MATERIAL SUPPLIED
####

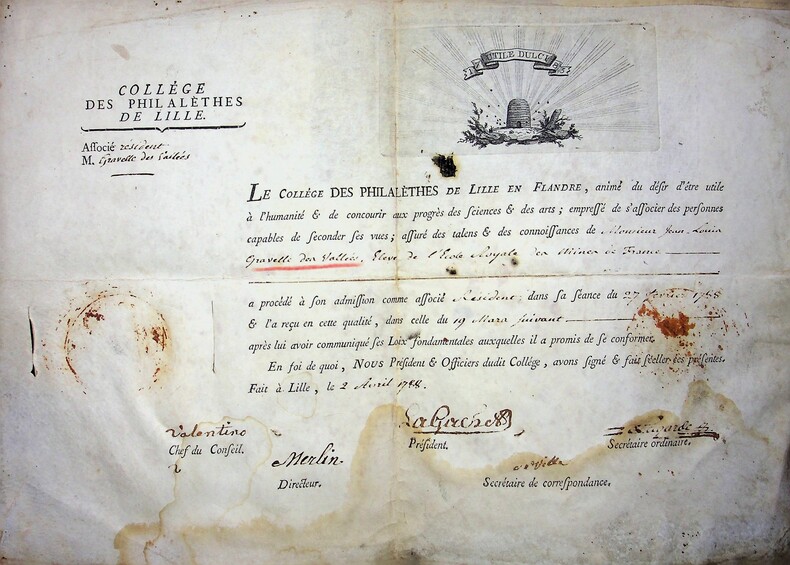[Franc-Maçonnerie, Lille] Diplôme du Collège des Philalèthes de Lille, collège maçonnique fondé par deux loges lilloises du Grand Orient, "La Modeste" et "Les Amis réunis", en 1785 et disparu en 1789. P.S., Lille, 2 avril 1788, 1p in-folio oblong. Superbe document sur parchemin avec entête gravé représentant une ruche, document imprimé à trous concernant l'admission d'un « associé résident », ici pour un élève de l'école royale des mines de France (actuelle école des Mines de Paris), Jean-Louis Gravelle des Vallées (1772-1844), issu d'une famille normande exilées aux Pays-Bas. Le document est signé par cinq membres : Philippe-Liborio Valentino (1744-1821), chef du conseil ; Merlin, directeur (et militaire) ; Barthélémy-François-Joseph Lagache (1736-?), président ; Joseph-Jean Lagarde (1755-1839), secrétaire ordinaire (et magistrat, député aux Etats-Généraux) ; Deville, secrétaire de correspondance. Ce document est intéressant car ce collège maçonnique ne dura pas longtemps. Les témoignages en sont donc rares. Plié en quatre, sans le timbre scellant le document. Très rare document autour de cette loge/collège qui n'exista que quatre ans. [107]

####

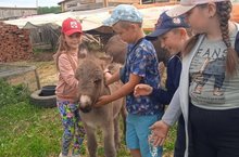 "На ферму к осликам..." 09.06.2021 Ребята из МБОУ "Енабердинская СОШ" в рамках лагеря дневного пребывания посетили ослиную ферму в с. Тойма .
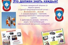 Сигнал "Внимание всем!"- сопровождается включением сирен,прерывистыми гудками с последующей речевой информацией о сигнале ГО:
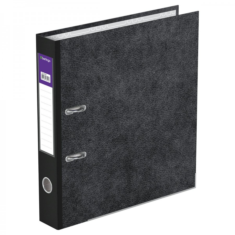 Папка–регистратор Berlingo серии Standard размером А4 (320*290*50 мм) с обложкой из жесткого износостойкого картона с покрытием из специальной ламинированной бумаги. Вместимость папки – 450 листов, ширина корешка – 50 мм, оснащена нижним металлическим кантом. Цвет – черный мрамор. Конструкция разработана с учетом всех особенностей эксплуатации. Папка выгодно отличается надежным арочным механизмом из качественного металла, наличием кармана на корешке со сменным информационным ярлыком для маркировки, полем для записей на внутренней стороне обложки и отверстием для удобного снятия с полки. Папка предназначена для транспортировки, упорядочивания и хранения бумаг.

####

WHAT THE TASK ASKS
Each line above starting at the one holding "в с. Тойма ." and ending at the one holding "сопровождается включением сирен,прерывистыми" should be set down exactly as it stands, both ends included, with no pictures.

WRITTEN RESPONSE
 "На ферму к осликам..." 09.06.2021 Ребята из МБОУ "Енабердинская СОШ" в рамках лагеря дневного пребывания посетили ослиную ферму в с. Тойма .
 Сигнал "Внимание всем!"- сопровождается включением сирен,прерывистыми гудками с последующей речевой информацией о сигнале ГО:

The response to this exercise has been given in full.